Leaving out all pictures, write down exactly the lines from the one containing "方式一:建造一个限制对注册表" through the last line of the material.

### Data segment
== == ==

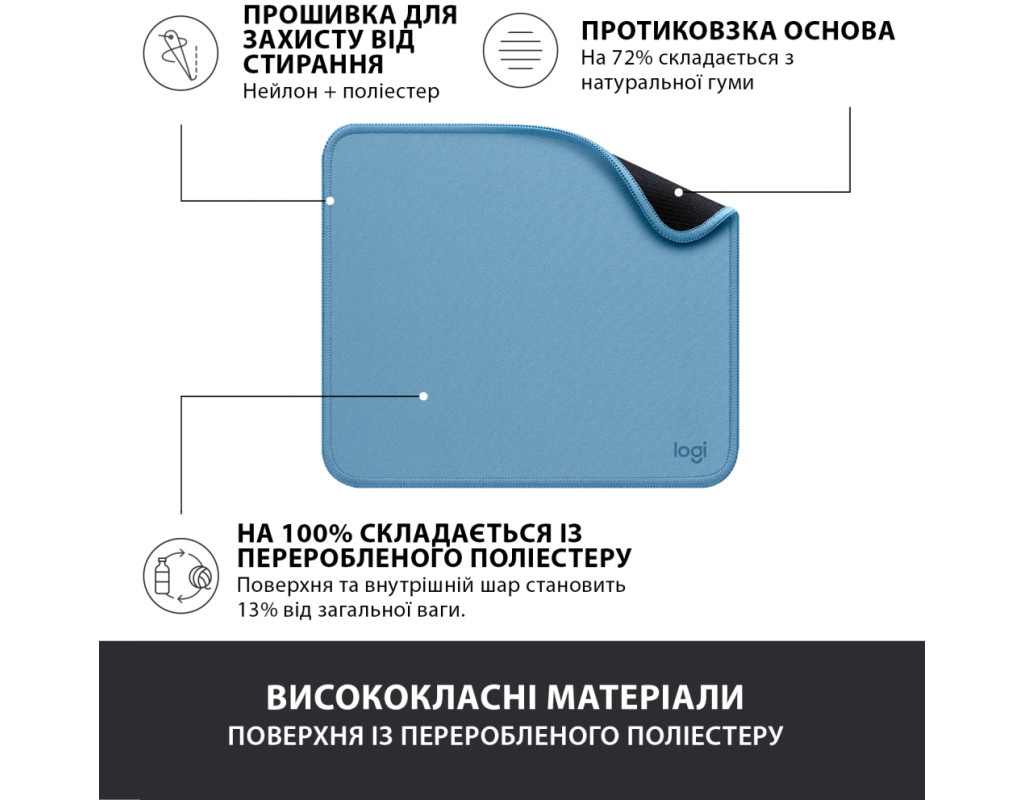 Килимок для миші Logitech Mouse Pad — серія Studio М'який килимок для миші, що забезпечує комфортне ковзання без жодних зусиль.
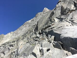 We also located the correct walk in, which was much less loose than the route up we had taken. Looking back up at the sea of granite, it was little wonder that we hadn’t found ‘the bolt’ that marked the start of the climb!
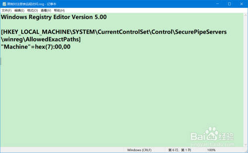 方式一:建造一个限制对注册表长途拜候的注册表文件,添加到注册表中,可限制Windows10系统注册表被长途拜候。
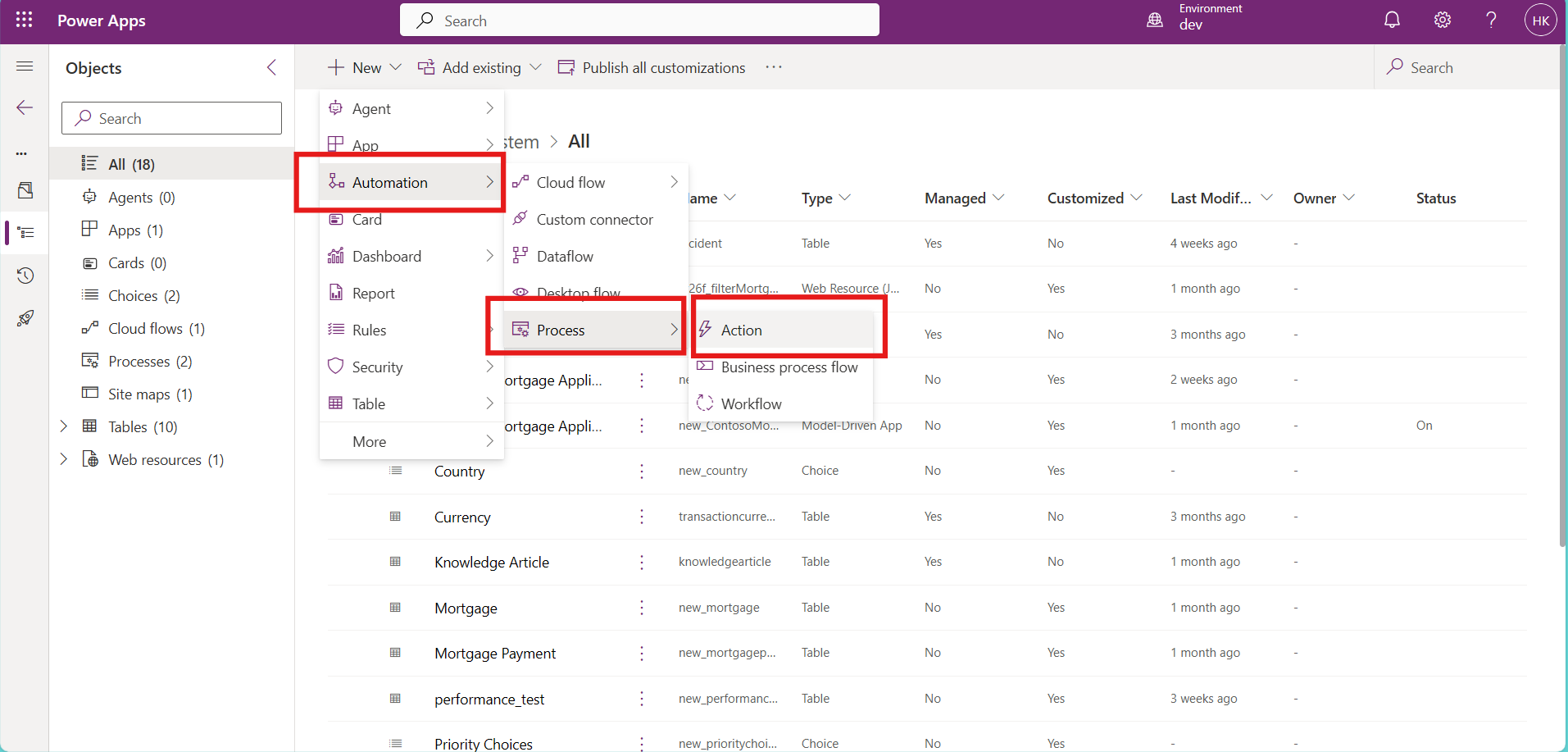 The first step is to open your solution, then click on new -> Automation -> Processes -> Action (Click on action)

== == ==

### Your solution
 方式一:建造一个限制对注册表长途拜候的注册表文件,添加到注册表中,可限制Windows10系统注册表被长途拜候。
 The first step is to open your solution, then click on new -> Automation -> Processes -> Action (Click on action)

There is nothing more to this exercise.